Material for this exercise>
***
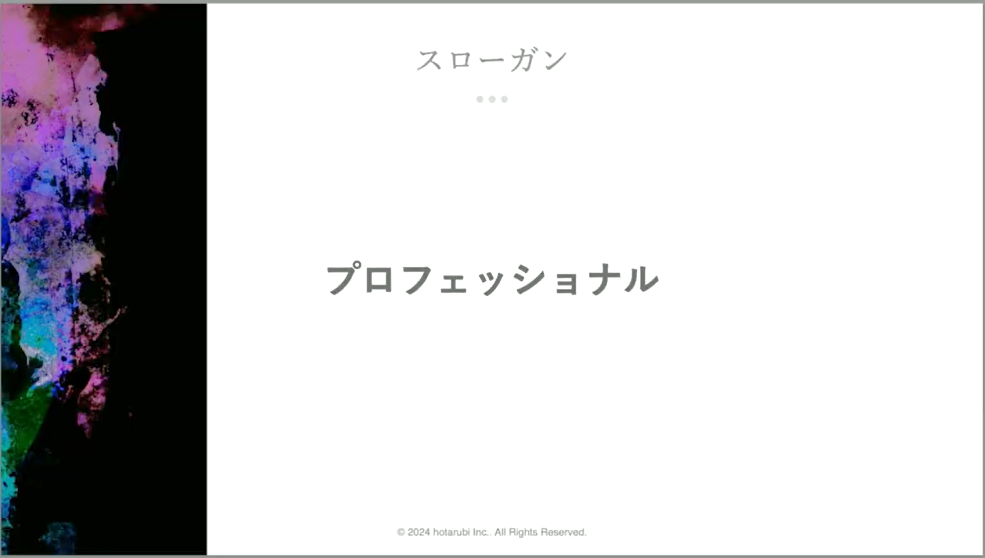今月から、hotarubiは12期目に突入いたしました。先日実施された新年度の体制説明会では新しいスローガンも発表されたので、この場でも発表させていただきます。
***
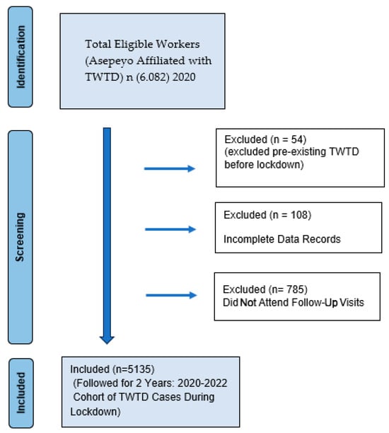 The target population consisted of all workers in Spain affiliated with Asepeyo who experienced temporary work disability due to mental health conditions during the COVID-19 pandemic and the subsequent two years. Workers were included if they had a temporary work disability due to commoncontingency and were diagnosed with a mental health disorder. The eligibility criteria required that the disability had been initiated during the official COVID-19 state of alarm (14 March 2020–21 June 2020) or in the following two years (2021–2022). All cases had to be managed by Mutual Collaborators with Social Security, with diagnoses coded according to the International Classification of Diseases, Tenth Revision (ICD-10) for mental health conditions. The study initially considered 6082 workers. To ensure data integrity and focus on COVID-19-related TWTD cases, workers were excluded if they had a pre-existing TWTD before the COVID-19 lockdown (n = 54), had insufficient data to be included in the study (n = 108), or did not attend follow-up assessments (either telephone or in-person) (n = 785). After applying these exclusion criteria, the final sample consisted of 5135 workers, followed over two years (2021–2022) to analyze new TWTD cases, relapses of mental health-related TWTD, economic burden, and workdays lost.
***
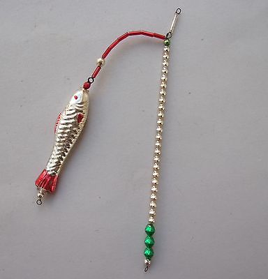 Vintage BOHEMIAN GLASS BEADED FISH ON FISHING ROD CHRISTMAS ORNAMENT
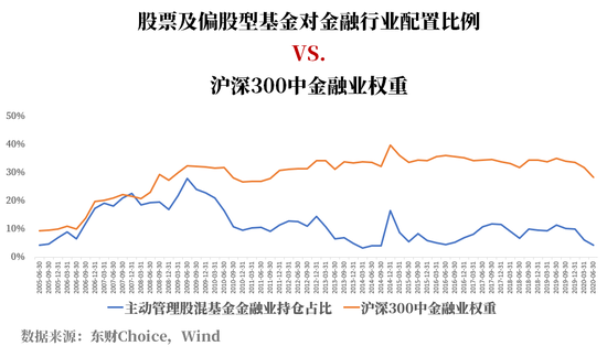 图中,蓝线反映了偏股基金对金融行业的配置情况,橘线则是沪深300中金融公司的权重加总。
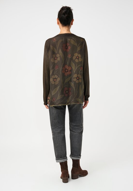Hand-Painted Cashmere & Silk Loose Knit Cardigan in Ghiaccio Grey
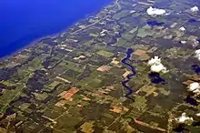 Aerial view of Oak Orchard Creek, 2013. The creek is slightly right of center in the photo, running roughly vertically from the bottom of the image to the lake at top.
***
Activity> In the listing above, find the line with "图中,蓝线反映了偏股基金对金" and the line with "Hand-Painted Cashmere &". Output both, plus every line between them, and no pictures.

Result of the task>
 图中,蓝线反映了偏股基金对金融行业的配置情况,橘线则是沪深300中金融公司的权重加总。
Hand-Painted Cashmere & Silk Loose Knit Cardigan in Ghiaccio Grey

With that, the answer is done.